I stood by a tree out in the midst of the course, breathing in the cold, clean air, feeling my heart beat in my chest, the wind on my cheeks.
And I thought, What is this world? What is this life?
Ranger just glanced up at me with an expression that said, You really think it’s such a mystery? You don’t think the answer is obvious?
He wagged.
A couple of days later the woman wrote me again, saying she’d gotten the message again, that it was from my father, and that it was urgent.
So I wrote back and said, Fine. Whatever. Put him through.
The next day I got the following:
Jenny, I did not abandon you. I ask now only that you move forward with peace in your heart. Do not take it upon your shoulders to save the world.
I am patient. I am kind. I am exploring a realm that is magnificent in every way. It is glorious to behold and yet there are no words to describe.
Sweetest one, you have clearly stepped into your own. You must understand solidly that you are loved. Know this.
I read this with exactly the skepticism you’d expect, if a person you did not know claimed to be channeling messages from the beyond. I’ll also note that it doesn’t sound a thing like my father, either, a man without a New Age bone in his body. Most damning of all, it contained none of his signature phrases: You bet! and Why not?

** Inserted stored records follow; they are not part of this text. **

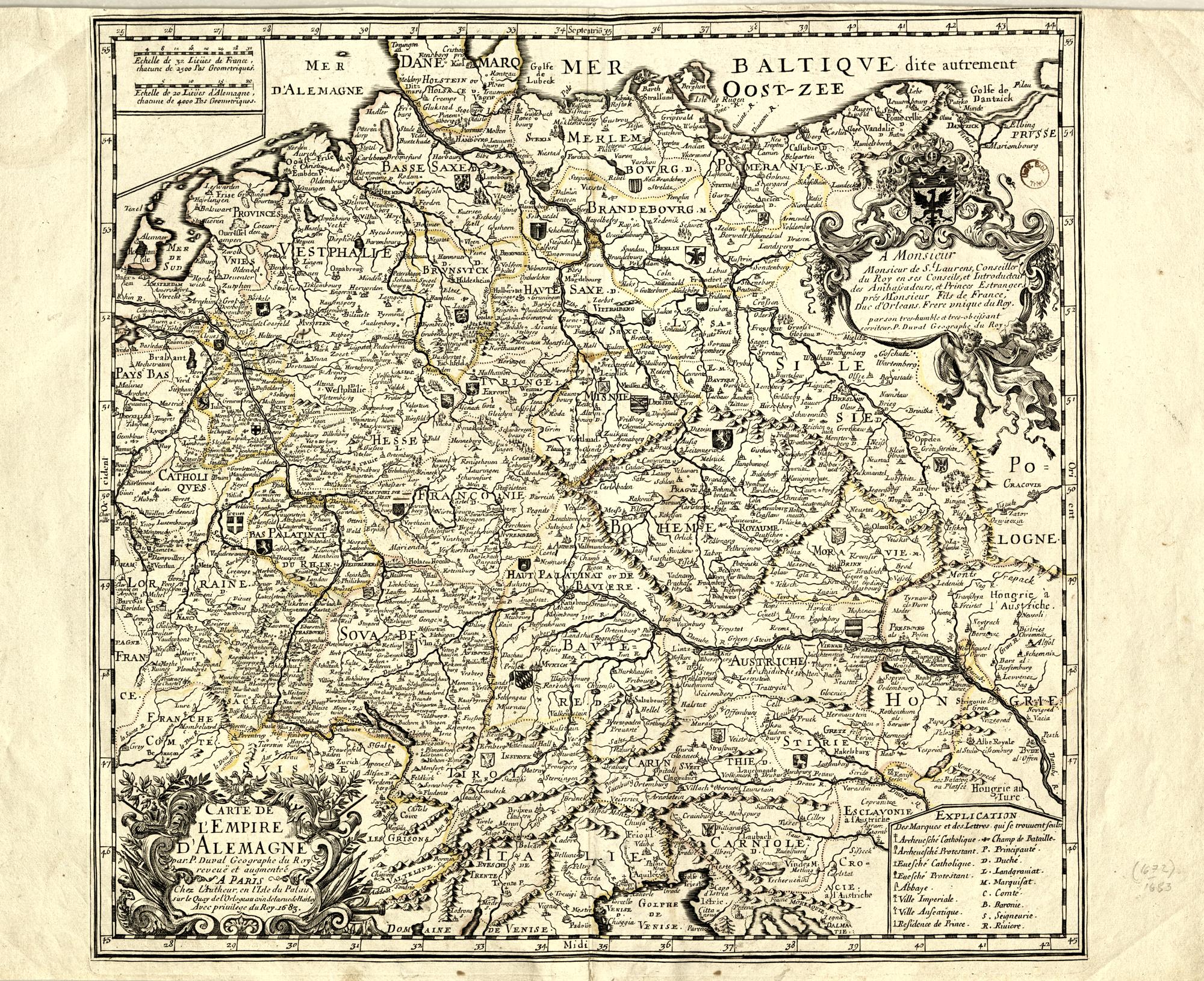Carte De L'Empire D'Alemagne : A Monsieur Monsieur de St. Laurens, Conseiller du Roy en ses Conseils, et Introducteur des Ambassadeurs, et Princes Estrangers prés Monsieur Fils de France, Duc d'Orleans, Frere unique de Roy, par son tres-humble et tres-obeissant serviteur. P. Duval Geographe du Roy / par P. Duval Geographe du Roy, reveuë et augmentée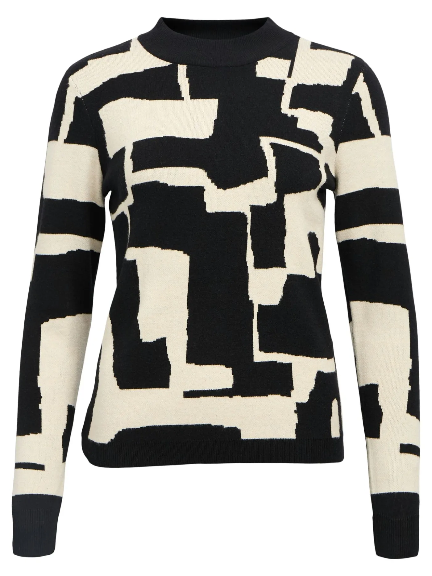 Deze zwart-beige sweater van OBJECT is een echte statement knit met een grafisch patroon dat direct in het oog springt. De aangesloten pasvorm en ronde hals zorgen voor een vrouwelijke en moderne uitstraling. Gemaakt van een zachte, rekbare stof die comfortabel draagt en mooi in model blijft. Perfect te combineren met een zwarte pantalon of een denim voor een eigentijdse look. Een ideale trui voor wie houdt van prints met karakter zonder in te leveren op draagcomfort.
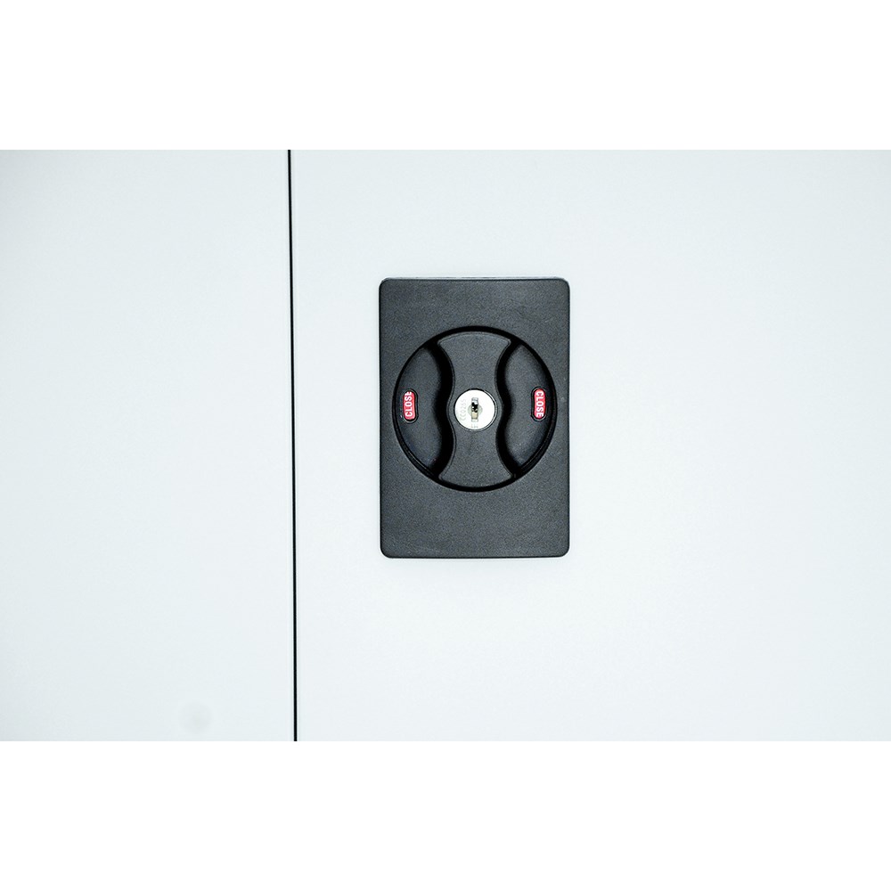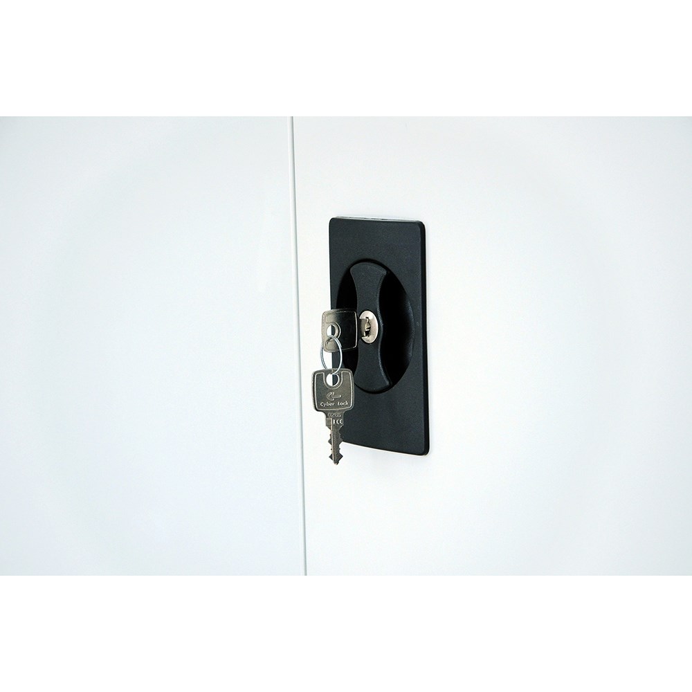 GO swing door cupboards have a flush lock and adjustable shelves.

And yet, for all that, as I read this message, tears welled up in my eyes and rolled down my cheeks.
I wonder, sometimes, if my own father thought of me the way I thought of my sons—as a reflection of himself. It’s not something we’re proud of, but it’s still true: we sometimes think of our children the way Lord Voldemort thought of horcruxes—beings into which we pour our own souls, in hopes that some version of us will survive into the world, even beyond the moment our own candle is snuffed out.
Was that still true? Was there still something of my father in me? What was it I had passed on to my sons? I hoped that whatever I had given them was the better part of my nature and not the opposite.
I strapped on my skis and put on my iPod and once again headed out into the snows of Belgrade Lakes. Ranger came with me. It was another perfect winter day, not as cold as the one before.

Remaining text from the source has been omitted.